* REQUIREMENT: Look through the data below for the line with "Bengkayang – antusias" and the line with "- 各行スパークラインにある各点が強調表示されました。", then transcribe exactly from the first through the second, leaving out all pictures.

* DATA SHOWN:
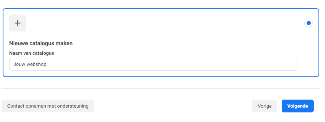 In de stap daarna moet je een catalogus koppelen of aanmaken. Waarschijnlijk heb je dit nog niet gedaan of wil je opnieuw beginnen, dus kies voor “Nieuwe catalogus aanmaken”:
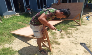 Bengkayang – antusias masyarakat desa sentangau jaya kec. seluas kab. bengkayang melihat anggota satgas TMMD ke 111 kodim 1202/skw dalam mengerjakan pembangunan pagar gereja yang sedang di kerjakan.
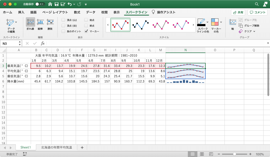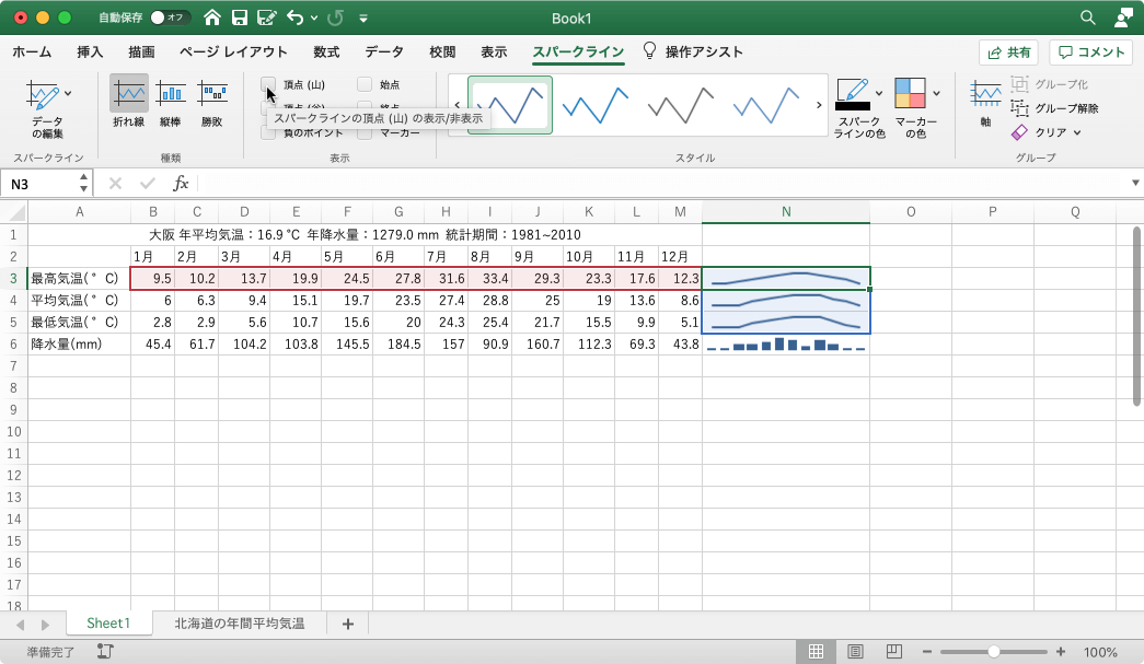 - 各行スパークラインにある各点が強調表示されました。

---

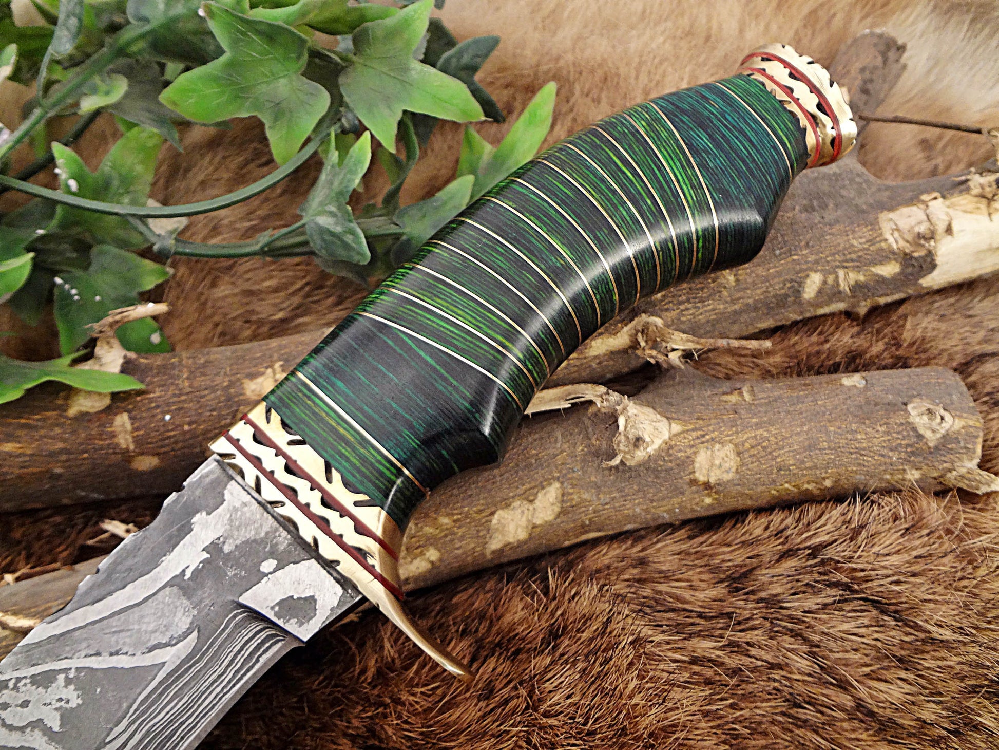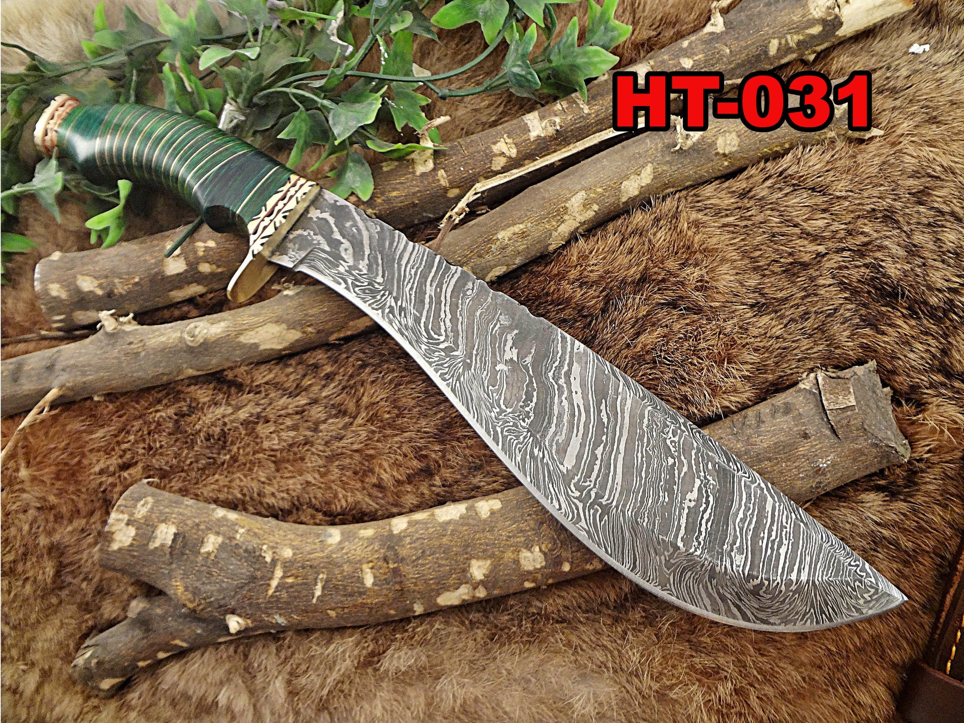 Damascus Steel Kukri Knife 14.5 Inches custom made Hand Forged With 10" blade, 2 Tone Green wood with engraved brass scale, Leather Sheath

* YOUR SOLUTION:
 Bengkayang – antusias masyarakat desa sentangau jaya kec. seluas kab. bengkayang melihat anggota satgas TMMD ke 111 kodim 1202/skw dalam mengerjakan pembangunan pagar gereja yang sedang di kerjakan.
 - 各行スパークラインにある各点が強調表示されました。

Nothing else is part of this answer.